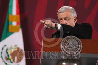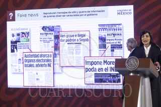 CIUDAD DE MÉXICO, 28DICIEMBRE2022.- Andrés Manuel López Obrador, Presidente de México, y Ana Elizabeth García Vilchis, durante la mañanera en la cual se presentaron el recuento de las mentiras del año en los medios de comunicación. FOTO: MOISÉS PABLO/CUARTOSCURO.COM
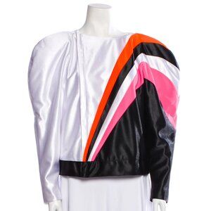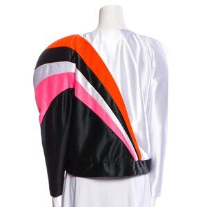 From the Gucci x Elton John limited edition collection. White, black, orange, and pink striped zip jacket.
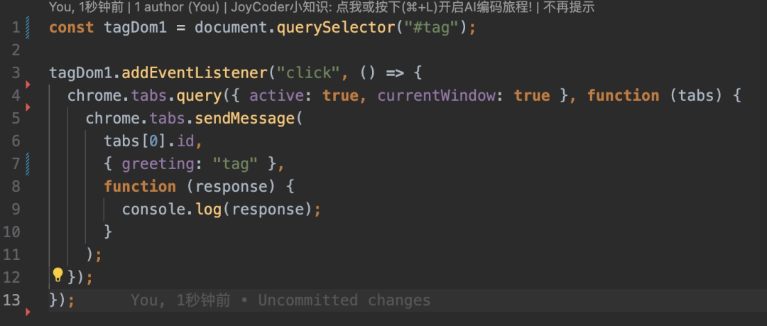 以下代码是在popup.js中,监听id为tag元素的点击事件,获取当前窗口active标签页,并给此标签页推送一个message。
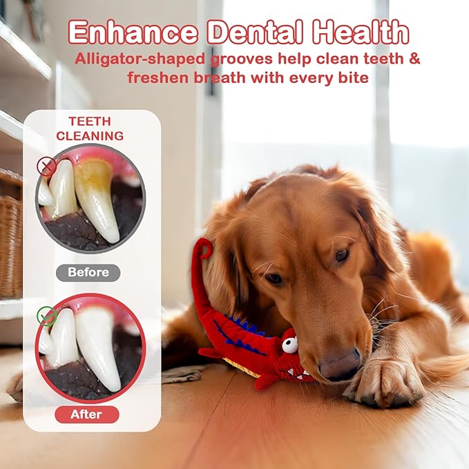 • Attractive Design and Suitable for All Breeds: Inspired by wild animals, the crocodile dog toy features charming patterns and fun textures that delight dogs. It is loved by dogs of all sizes. You can watch your dog pounce and shake this irresistible plush toy, as it stimulates their natural play instincts.
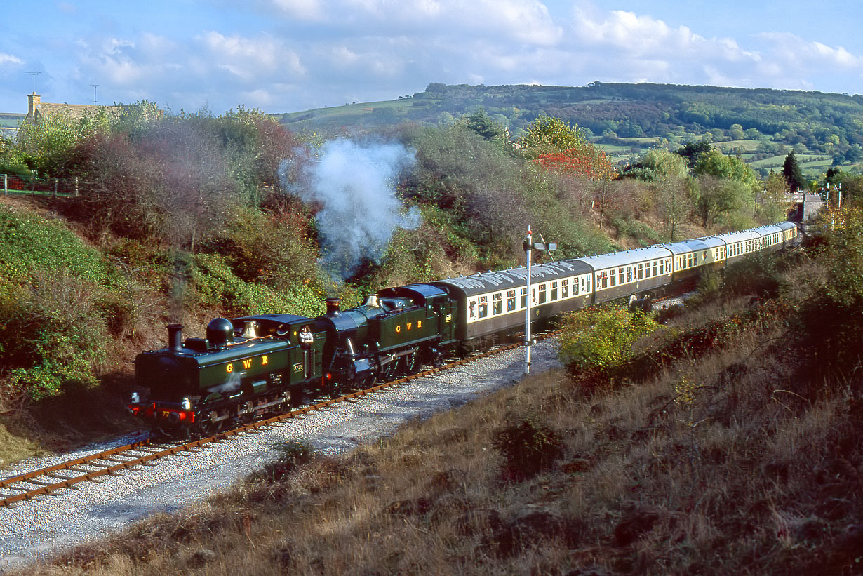 57xx Class 0-6-0PT 7752 & 61xx 2-6-2T 6106 leave Winchcombe on 14 October 1990, en-route from Toddington to Gretton, during the Gloucestershire Warwickshire Railway's Great Western Railway weekend. Although they don't appear to be working too hard here, it was enough to cause a small lineside fire! |
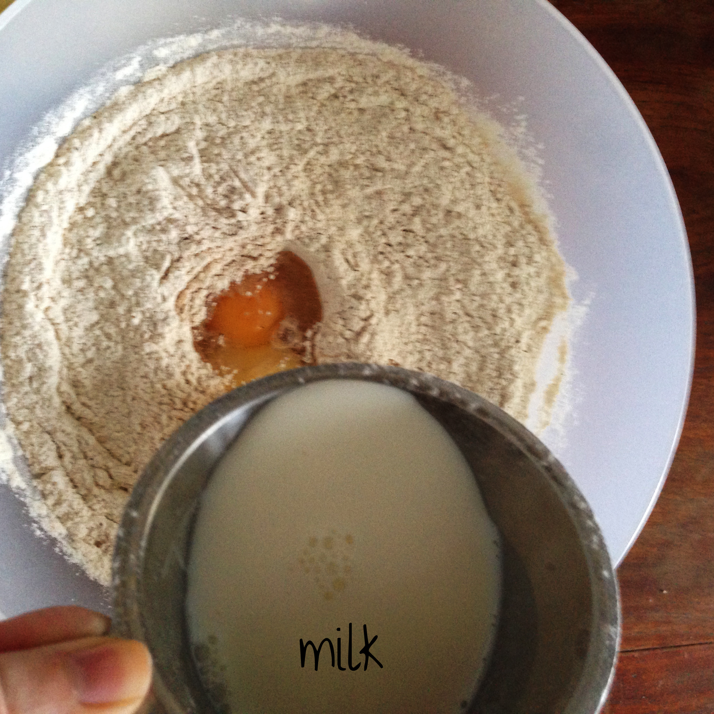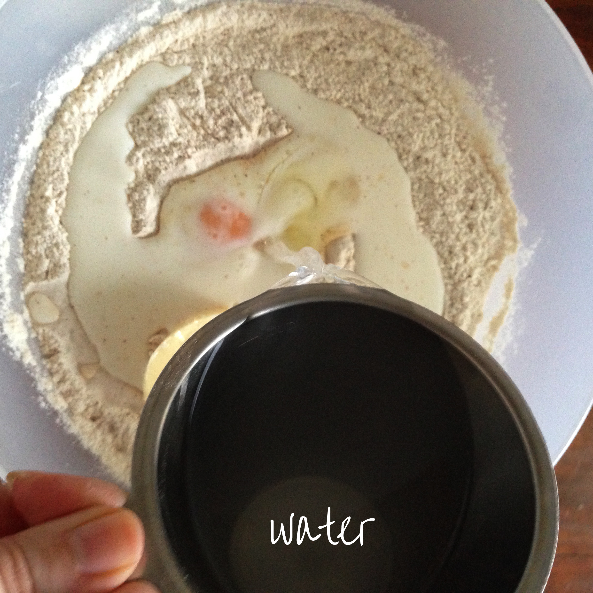 2. Add egg, butter (in room temperature), milk and water. Start kneading the dough inside the bowl until it comes together to form a ball. If it is too sticky, you can add a bit more flour. On the contrary, if it is too dry, you can add more water. But add those in small amounts if needed.

### WHAT THE TASK ASKS
Everything from the first line of the listing above through the line that contains "以下代码是在popup.js" is to be restated word for word, minus the pictures.

### OUTPUT OF THE EXERCISE
 CIUDAD DE MÉXICO, 28DICIEMBRE2022.- Andrés Manuel López Obrador, Presidente de México, y Ana Elizabeth García Vilchis, durante la mañanera en la cual se presentaron el recuento de las mentiras del año en los medios de comunicación. FOTO: MOISÉS PABLO/CUARTOSCURO.COM
 From the Gucci x Elton John limited edition collection. White, black, orange, and pink striped zip jacket.
 以下代码是在popup.js中,监听id为tag元素的点击事件,获取当前窗口active标签页,并给此标签页推送一个message。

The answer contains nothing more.